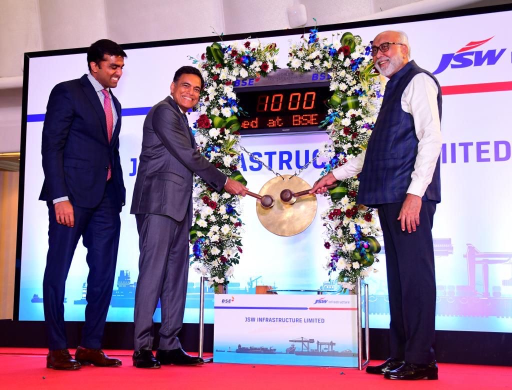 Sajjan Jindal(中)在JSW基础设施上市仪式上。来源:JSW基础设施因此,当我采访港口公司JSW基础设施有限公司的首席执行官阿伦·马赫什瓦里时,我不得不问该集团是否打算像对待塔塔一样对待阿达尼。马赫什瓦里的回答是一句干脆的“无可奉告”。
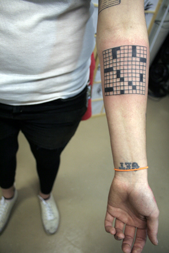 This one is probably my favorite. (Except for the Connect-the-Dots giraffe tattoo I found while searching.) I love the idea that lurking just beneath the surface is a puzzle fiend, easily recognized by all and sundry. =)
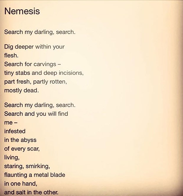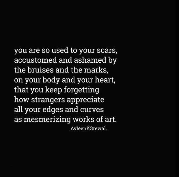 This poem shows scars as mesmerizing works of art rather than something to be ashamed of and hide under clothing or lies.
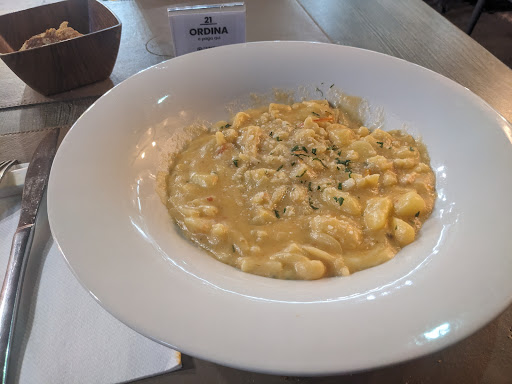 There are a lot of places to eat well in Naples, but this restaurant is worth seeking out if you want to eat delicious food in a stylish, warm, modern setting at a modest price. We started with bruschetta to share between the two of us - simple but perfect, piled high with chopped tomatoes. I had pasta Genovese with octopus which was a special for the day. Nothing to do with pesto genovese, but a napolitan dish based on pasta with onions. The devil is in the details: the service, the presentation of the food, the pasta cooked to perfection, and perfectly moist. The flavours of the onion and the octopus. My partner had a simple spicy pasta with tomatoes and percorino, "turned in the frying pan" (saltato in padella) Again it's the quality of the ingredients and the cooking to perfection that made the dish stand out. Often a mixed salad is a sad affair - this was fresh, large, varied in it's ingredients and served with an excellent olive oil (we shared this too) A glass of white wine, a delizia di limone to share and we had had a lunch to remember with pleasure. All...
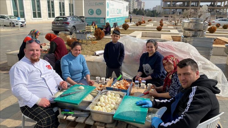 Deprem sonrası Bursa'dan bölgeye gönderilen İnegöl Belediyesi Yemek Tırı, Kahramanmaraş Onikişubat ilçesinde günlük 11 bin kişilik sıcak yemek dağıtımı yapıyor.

--

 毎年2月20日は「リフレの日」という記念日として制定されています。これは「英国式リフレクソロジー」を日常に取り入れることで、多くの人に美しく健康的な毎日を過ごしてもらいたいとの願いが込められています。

...

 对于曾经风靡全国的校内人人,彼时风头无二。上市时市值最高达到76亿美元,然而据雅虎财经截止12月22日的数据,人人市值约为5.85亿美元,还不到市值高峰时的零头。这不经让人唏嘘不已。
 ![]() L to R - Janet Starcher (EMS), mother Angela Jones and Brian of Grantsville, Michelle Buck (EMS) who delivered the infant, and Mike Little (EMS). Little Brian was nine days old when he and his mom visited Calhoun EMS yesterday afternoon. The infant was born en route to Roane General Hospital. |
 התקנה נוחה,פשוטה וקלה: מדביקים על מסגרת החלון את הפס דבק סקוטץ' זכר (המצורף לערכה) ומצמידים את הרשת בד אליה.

**EXERCISE**
Starting with the line above that holds "对于曾经风靡全国的校内人人,彼时风头无二" and stopping with the line that holds "General Hospital. |", reproduce each line exactly, omitting all other lines.

**SOLUTION FOR THIS EXERCISE**
 对于曾经风靡全国的校内人人,彼时风头无二。上市时市值最高达到76亿美元,然而据雅虎财经截止12月22日的数据,人人市值约为5.85亿美元,还不到市值高峰时的零头。这不经让人唏嘘不已。
 ![]() L to R - Janet Starcher (EMS), mother Angela Jones and Brian of Grantsville, Michelle Buck (EMS) who delivered the infant, and Mike Little (EMS). Little Brian was nine days old when he and his mom visited Calhoun EMS yesterday afternoon. The infant was born en route to Roane General Hospital. |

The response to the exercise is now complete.